Rick Solloway and Linda Mecham, from Edward Jones.

Here’s a New Year’s resolution most of us could embrace — “I’ll have more money on Dec. 31, 2006, than I have right now.”

But whether you’re trying to shed a few pounds or save a few pennies, you might need more than mere resolve. Some kind of plan would probably help.

Rick Solloway, an investment representative with Edward Jones, offered a few suggestions, just in time for folks looking to turn over a new leaf in 2006.

Solloway frequently teaches classes on this topic, in partnership with the Delaware Money School, and will actually cover some of these same topics in January and February at the South Coastal Library in Bethany Beach.

If Solloway picks up a few clients, so be it. “But the best thing that could ever come out of the classes is people get better educated,” he emphasized.

As far as people coming in to the Bethany-area Edward Jones office, he said there seems to be a lot of interest in protecting principal. The stock market’s been on the up and up for a few years now, but some took losses in the last downturn (1999 to 2002).

But there are ways to invest in highly stable certificates of deposit (CDs) or government bonds — and then risk only the interest from those investments in other financial “vehicles,” Solloway explained.

He outlined a 10-year “conveyor belt” scenario (also called laddering), using $100,000 in principal to keep the math simple. In this example, the hypothetical Mr. Smith invests $10,000 in one-year CDs or bonds, $10,000 in two-year CDs or bonds…out to 10-year CDs or bonds.

The bond market’s a little funny right now, but just looking at CDs, interest rates typically get better and better the longer the term. So, estimate 4.5 percent for the one-year CD and 6.5 percent for the 10-year, for a 5.5 percent average, Solloway suggested.

So, the $100,000 principal earns an average $5,500 a year in interest, and it’s all Federal Deposit Insurance Corporation (FDIC) insured, he continued. And then Mr. Smith might feel a little better about placing the $5,500 in something with a little more risk.

Solloway said investors should consider between 6 and 8 percent interest rates “a very realistic goal.”

It all depends on how fast people wanted their money to grow, versus how much risk they feel comfortable with. And, as Solloway pointed out, this was as much an issue for Mr.

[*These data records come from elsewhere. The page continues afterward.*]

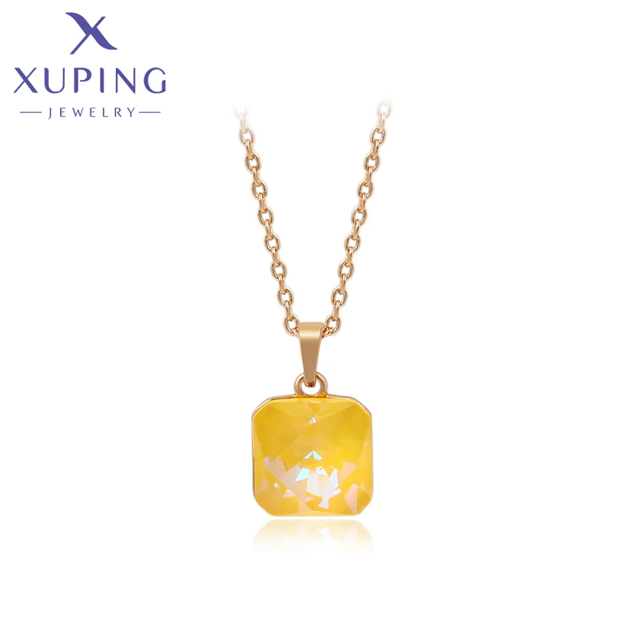 Xuping модные ювелирные изделия, новые модные квадратные кристаллы, ожерелье с кулоном золотого цвета A00718617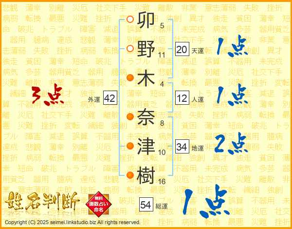 卯(5画)野(11画)木(4画)  奈(8画)津(10画)樹(16画)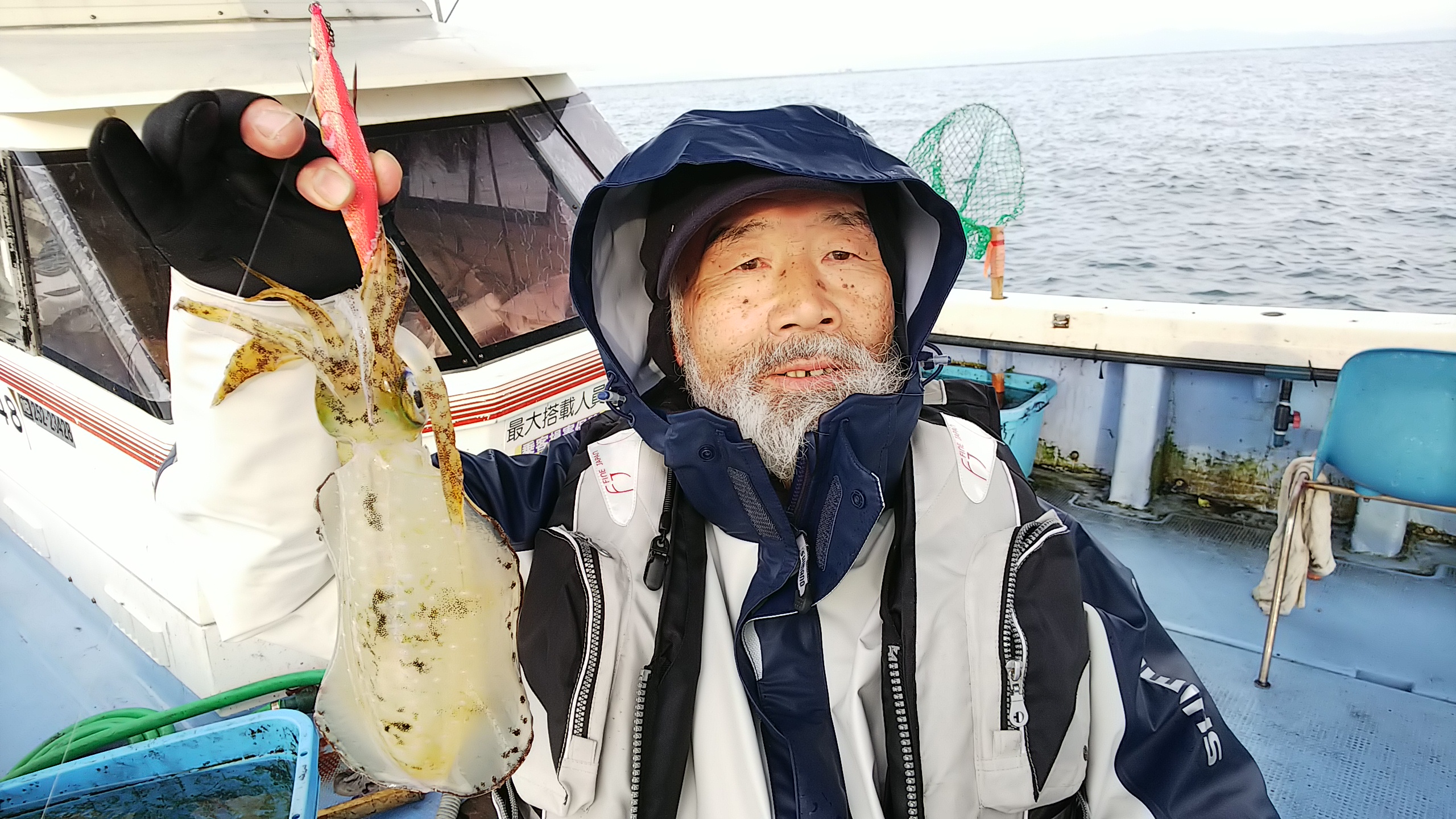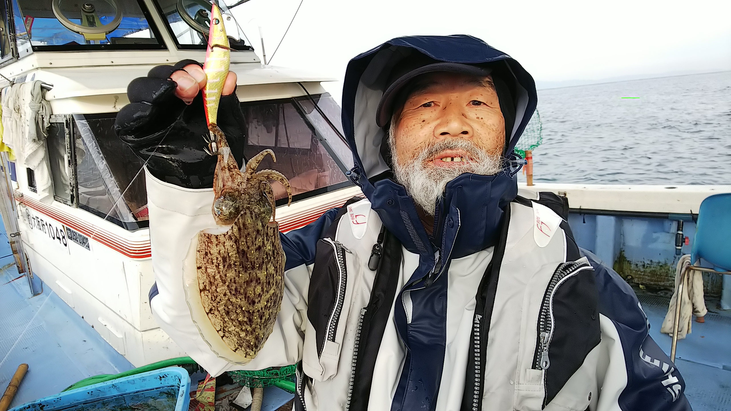 そんな中、小畑さん、辛抱して頑張った甲斐があり、28センチの良型のカワハギ釣れて、浜田さんもアオリイカとコウイカ釣れて良かったですね(^^)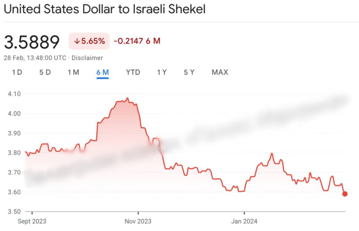 Израильский шекель продолжает укрепляться по отношению ко всем валютам, а доллар впервые с июля 2023 года опустился до 3,58 шекеля. Шекель снова стал самой сильной валютой в мире.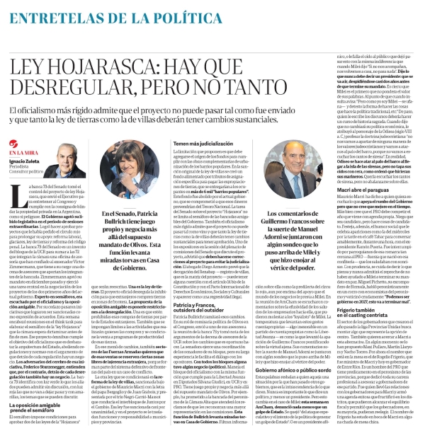 LEY HOJARASCA: HAY QUE DESREGULAR, PERO NO TANTO Ignacio Zuleta El oficialismo más rígido admite que el proyecto no puede pasar tal como fue enviado y que tanto la ley de tierras como la de villas deberán tener cambios sustanciales. EN LA MIRA Ignacio Zuleta Periodista Consultor político La banca 73 del Senado tomó el control del proyecto de ley Hojarasca, que envió el Ejecutivo para entretener al Congreso y cumplir con la consigna de blindar la propiedad privada en la Argentina, como si peligrase. El Gobierno agotó su libido legislativa en el período de sesiones extraordinarias. Logró hacer aprobar proyectos que le había pedido el círculo rojo para prolongar su apoyo: reforma laboral, glaciares, ley de tierras y reforma del código penal. La banca 73 del Senado es un invento del bloque de la UCR para sumar a las 72 que integran la cámara, una oficina de asesoría que han confiado al exsenador Víctor Zimmermann, que tiene a su cargo una docena de asesores que aportan los integrantes de la bancada. Zimmermann agotó su mandato en diciembre pasado y ejerció una tarea central en la negociación de los proyectos de los dos primeros años del actual gobierno. Experto en "semáforos", fue escuchado por el oficialismo y la oposición amigable. Por su "cazo" pasaron iniciativas que lograron ser sancionadas como expresión de acuerdos. Esta semana encabezó reuniones en el "think tank" para elaborar el semáforo de la "ley Hojarasca", que la cámara espera dictaminar antes de fin de mes. Ese proyecto ómnibus cumple el objetivo del oficialismo que es desbaratar la arquitectura del Estado, aboliendo regulaciones y normas con el argumento de que detrás de cada regulación hay un negocio. Los adversarios del cerebro de esa iniciativa, Federico Sturzenegger, entienden que, por el contrario, detrás de cada desregulación también hay un negocio. La banca 73 identifica con luz verde lo que los aliados pueden admitir sin discusión, con luz roja las que no van a dejar pasar y con "amarillas", los temas que se pueden discutir. La oposición amigable prende el semáforo El semáforo impone condiciones para aprobar dos de las leyes de la "Hojarasca". Temen más judicialización La limitación que proponen es que debe agregarse el origen de los fondos para cumplir con las obras complementarias de urbanización de los barrios populares. En la sanción original de la ley de villas se creó un fondo alimentado por tributos de asignación específica para pagar las expropiaciones de tierras, que se entregarían a los ocupantes en más de 6 mil "barrios populares". Este fondo fue abolido por el actual gobierno, que se comprometió a que esos dineros provendrían del Tesoro Nacional. La tarea del Senado sobre el proyecto "Hojarasca" no se limita al semáforo de las bancadas amigables del Gobierno. También el oficialismo más rígido admite que el proyecto no puede pasar tal como vino y que tanto la ley de tierras como la de villas deberán tener cambios sustanciales para tener aprobación. Uno de los expositores en la sesión del plenario de comisiones del Senado que discute el proyecto, advirtió que deben hacerse correcciones al proyecto para evitar la judicialización. El abogado Diego Armesto prevé que la derogación del Renabap —registro de villas, que es la matriz del proyecto— puede tener alguna cuestión con el artículo 14 bis de la Constitución y con el Pacto Internacional de Derechos Económicos, Sociales y Culturales y aparecer como una regresividad ilegal. Patricia y Francos, outsiders del outsider Patricia Bullrich tramitará esos cambios. En su rol de comisaria política de Olivos en el Congreso, envió a uno de sus asesores a la reunión de la banca 73 y tomó nota de los argumentos de la decena de asesores de la UCR sobre los cambios que es oportuno hacer. La senadora ejerce una coordinación de los senadores de su bloque, pero su larga experiencia le facilita el diálogo con los opositores. Con todos los bloques alguno tuvo algún negocio (político). Maneja el bloque del oficialismo con la misma función que cumple para la Libertad Avanza en Diputados Silvana Giudici, ex-UCR y exPRO. Tiene juego propio y negocia más allá del supuesto mandato de Olivos. Por ejemplo, ha prometido a la bancada del peronismo de la Cámara Alta que atenderá los reclamos de que les reconozcan una mayor representación en las comisiones. Esta función de Bullrich levanta miradas torvas en Casa de Gobierno. Filtran informa- En el Senado, Patricia Bullrich tiene juego propio y negocia más allá del supuesto mandato de Olivos. Esta función levanta miradas torvas en Casa de Gobierno. ción sobre ella como la predilecta del círculo rojo, aun por encima del apoyo que el mundo de los negocios le presta a Milei. En la reunión de AmCham se escucharon comentarios sobre la efusividad de los saludos de los empresarios hacia ella, que pudieron molestar a los "loyalists" de Milei. La temperatura que levantan estos gestos cuentapropistas —algo inexorable en un partido de cuentapropistas como la Libertad Avanza— es como la que levantó la aparición de Guillermo Francos pontificando sobre la virtud ajena. Sus comentarios sobre la suerte de Manuel Adorni se juntaron con algún sondeo que lo puso arriba de Milei y que hizo enojar al vértice del poder. Gobierno afónico o público sordo Estas palabras resbalan a quien aqueja una situación por la que han pasado otros gobiernos, que es la intrascendencia de lo que dicen. Nunca es importante lo que dice un político, y menos un presidente. Pero esto cambia en el caso de Milei: esta semana en AmCham, denunció nada menos que un golpe de Estado. "Se quejó "del ataque especulativo y el intento de la política de generar un golpe de Estado". O es un presidente afó- que serán reescritas. Una es la ley de tierras. El proyecto oficial desregula la inhibición para que extranjeros compren tierras en zonas de frontera. La propuesta de la oposición amigable es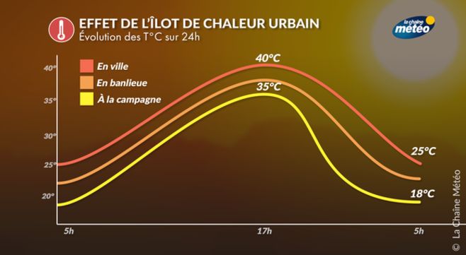 Par effet d’îlot de chaleur urbain, les centres villes peuvent être bien plus chauds que les campagnes environnantes. Cette différence devient encore plus importante en période caniculaire et ceci est dû à plusieurs facteurs.

Smith, with his hefty chunk of principal, as it was for someone contributing to an employer’s 401(k), for instance.

Accounts like 401(k)s are all different, and employees contributing to them often have opportunities to weigh in on just what they want under the hood, Solloway pointed out — and even more input when it comes to IRAs.

“What’s powering the vehicle?” he asked. “Is it CDs? Government bonds? Corporate bonds? Mutual funds? Individual stocks?”

Mutual funds typically deliver between 6 and 8 percent interest; stocks might return 10 or 12 percent — but the higher the return, the higher the risk, he said.

There are typically fewer options with the 401(k)s, he added — they are mostly mutual fund-driven. Solloway recommended investment in both a 401(k) and traditional or Roth IRAs.

He explained the differences between traditional, tax-advantaged or tax-deferred IRAs and Roth IRAs. But either way, he said, IRAs are better than annuities.

He characterized annuities as “life insurance meets mutual fund,” expressing distaste that financial advisors could legally guarantee protection from loss.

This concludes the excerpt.